(Extracted records)
>>>>
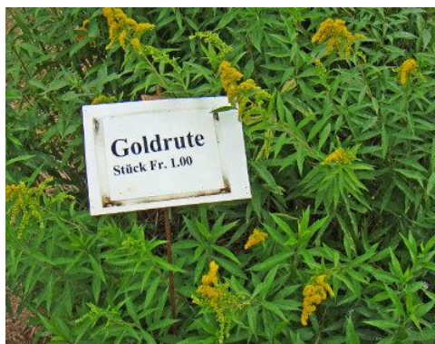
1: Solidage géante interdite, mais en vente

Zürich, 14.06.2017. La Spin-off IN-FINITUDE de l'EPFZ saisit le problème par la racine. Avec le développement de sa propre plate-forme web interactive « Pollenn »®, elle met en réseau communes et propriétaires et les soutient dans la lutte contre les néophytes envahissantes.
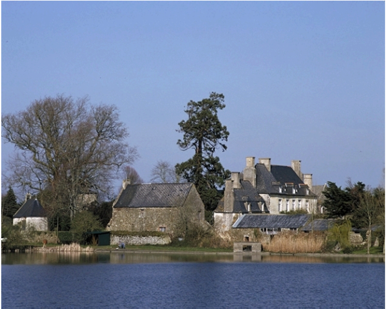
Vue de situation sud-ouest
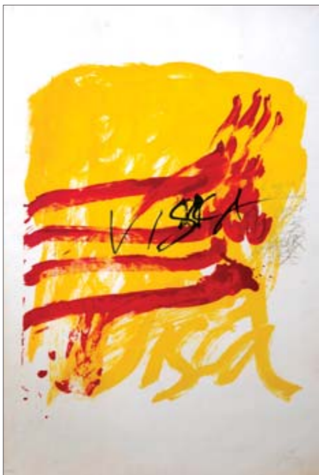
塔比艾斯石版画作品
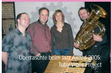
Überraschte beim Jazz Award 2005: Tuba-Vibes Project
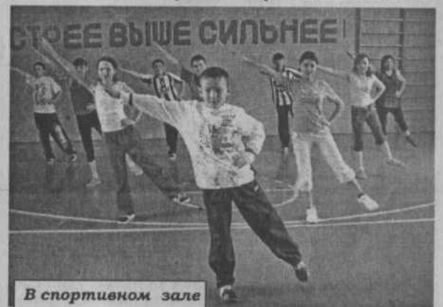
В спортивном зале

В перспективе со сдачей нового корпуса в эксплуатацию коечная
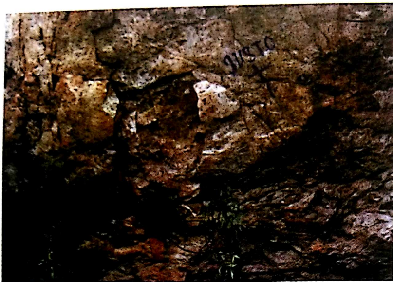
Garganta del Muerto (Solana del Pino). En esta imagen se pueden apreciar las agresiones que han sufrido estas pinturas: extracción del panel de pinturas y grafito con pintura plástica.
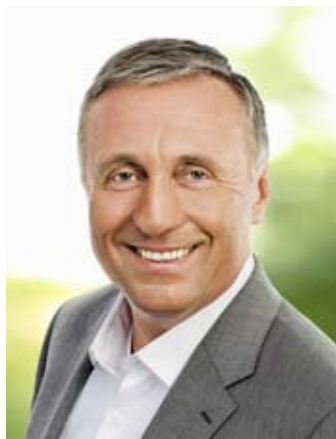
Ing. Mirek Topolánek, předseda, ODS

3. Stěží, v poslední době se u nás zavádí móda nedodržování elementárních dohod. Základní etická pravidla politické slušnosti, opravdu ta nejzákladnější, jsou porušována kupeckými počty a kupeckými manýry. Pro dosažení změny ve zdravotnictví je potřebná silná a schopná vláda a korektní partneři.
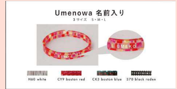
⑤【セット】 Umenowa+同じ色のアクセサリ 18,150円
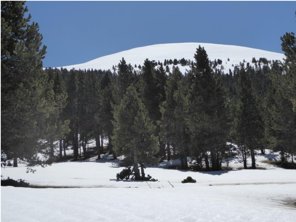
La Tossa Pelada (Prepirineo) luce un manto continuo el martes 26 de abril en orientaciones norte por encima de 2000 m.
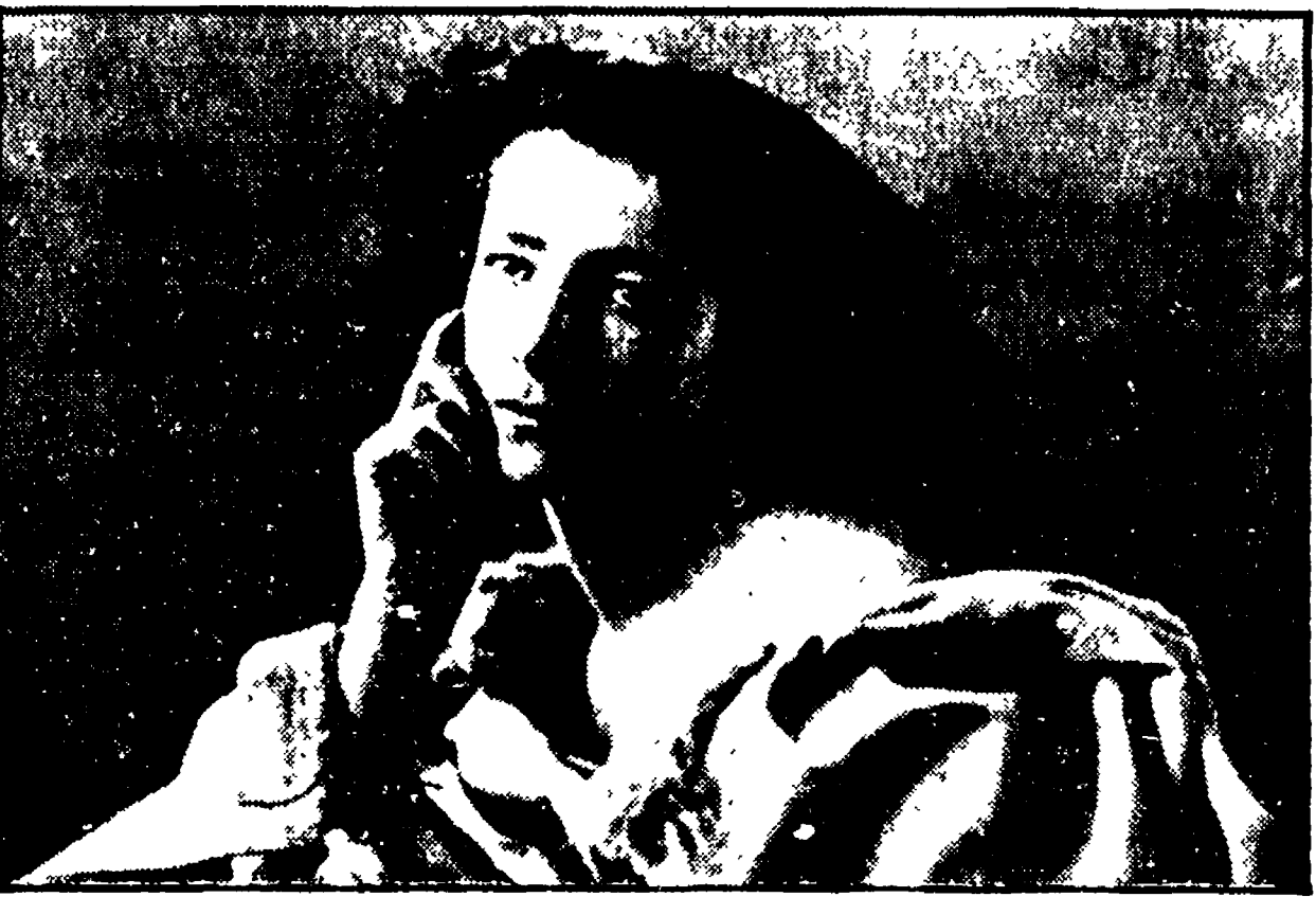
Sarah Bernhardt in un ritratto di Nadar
<<<<
YOUR GOAL —
Please copy exactly, and only, the lines from the one that contains "3. Stěží, v" through the last line of the data above, omitting all pictures.

SOLUTION TO THIS EXERCISE —
3. Stěží, v poslední době se u nás zavádí móda nedodržování elementárních dohod. Základní etická pravidla politické slušnosti, opravdu ta nejzákladnější, jsou porušována kupeckými počty a kupeckými manýry. Pro dosažení změny ve zdravotnictví je potřebná silná a schopná vláda a korektní partneři.
⑤【セット】 Umenowa+同じ色のアクセサリ 18,150円
La Tossa Pelada (Prepirineo) luce un manto continuo el martes 26 de abril en orientaciones norte por encima de 2000 m.
Sarah Bernhardt in un ritratto di Nadar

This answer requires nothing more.